Recommending YouTube videos based on personal needs, using YouTube API and specified tags / fields of interest through GenSim and BERTopic
Extends on this project, based on this Medium article
pytube is used to scrape video metadata youtube-transcript-api is used to download captions
# add YouTube v3 API key to youtube_recommender/config/config.yaml
# structure:
# api_key:
# "your_api_key"
# copy configuration files
# to installed package
cp -r ${SECRETS_DIR}/rarc/config/youtube_recommender/* ~/anaconda3/envs/py39/lib/python3.9/site-packages/youtube_recommender/config
# to cloned repo
cp -r ${SECRETS_DIR}/rarc/config/youtube_recommender/* ~/repos/youtube-recommender/youtube_recommender/config
# install deps
pip install -r requirements.txt
# download english corpus for SpaCy
python -m spacy download en_core_web_sm
# install app
pip install -U ~/repos/youtube_recommender
Search for YouTube videos, example usage:
# alias ipy="ipython --no-confirm-exit --no-banner -i"
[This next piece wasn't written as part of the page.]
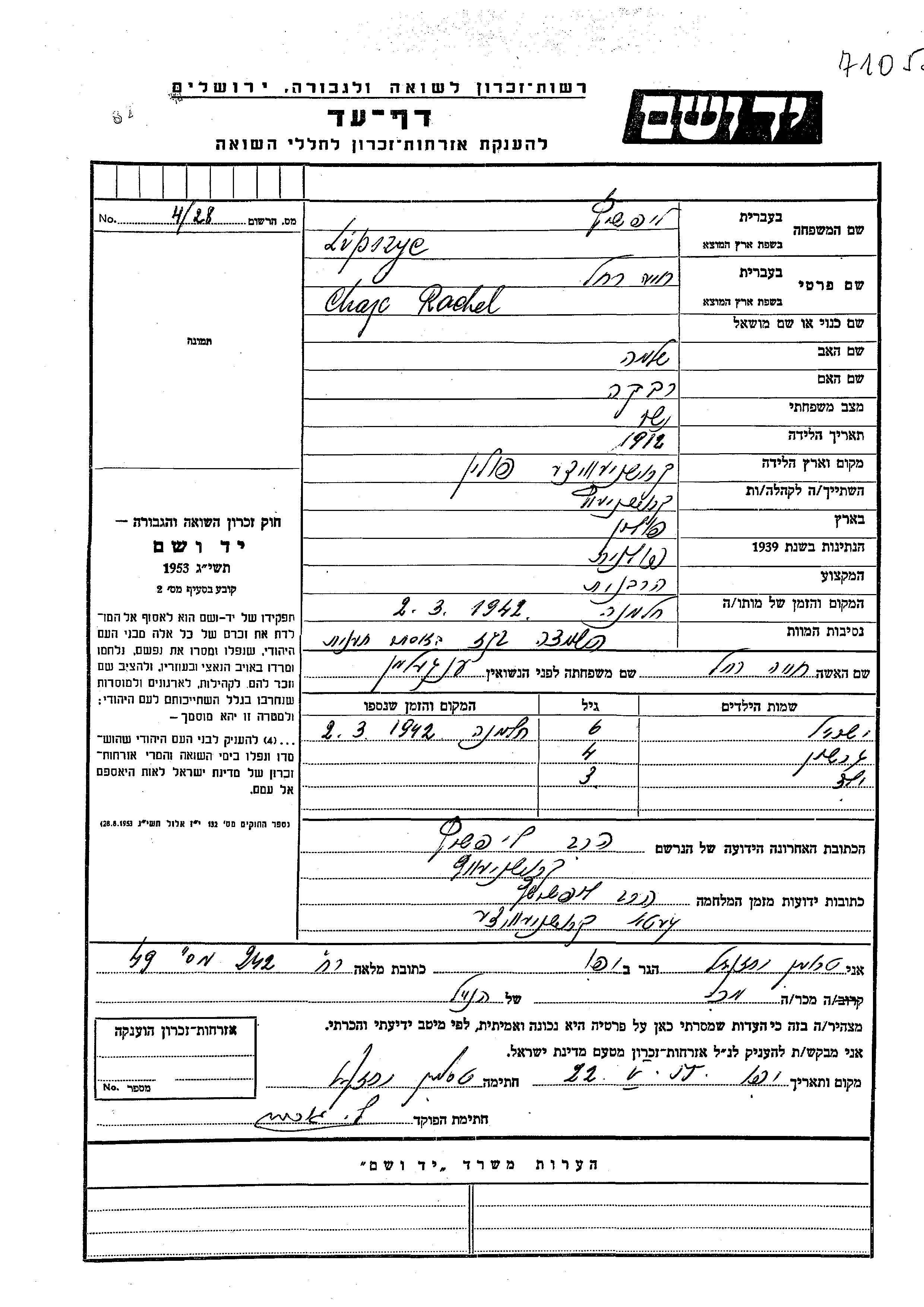 Suche nach einem Todesjahr im Zeitraum der Holocaust: 1933 bis 1945. Bitte wählen Sie 'Exakt' im Auswahlmenü, um nur nach einem einzelnen Jahr zu suchen, alternativ können Sie die flexibleren Optionen '+/- 2 Jahre' oder '+/- 5 Jahre' wählen.

ipy -m youtube_recommender -- 'search term 1' 'search term 2'
# with different search-period (default is 365 days)
# make sure to decrease it for recent videos, or increase it alltime popular videos
ipy -m youtube_recommender -- 'search term 1' --search-period 29
# save top_videos to feather
ipy -m youtube_recommender -- 'search term 1' 'search term 2' --save
# to inspect results, inspect `res` object`, or `df` for only top_videos
python -m youtube_recommender --help
:
usage: __main__.py [-h] [--search-period SEARCH_PERIOD] [--dryrun] [-f] [--filter] [-n NITEMS] [-s] [-p] search_terms [search_terms ...]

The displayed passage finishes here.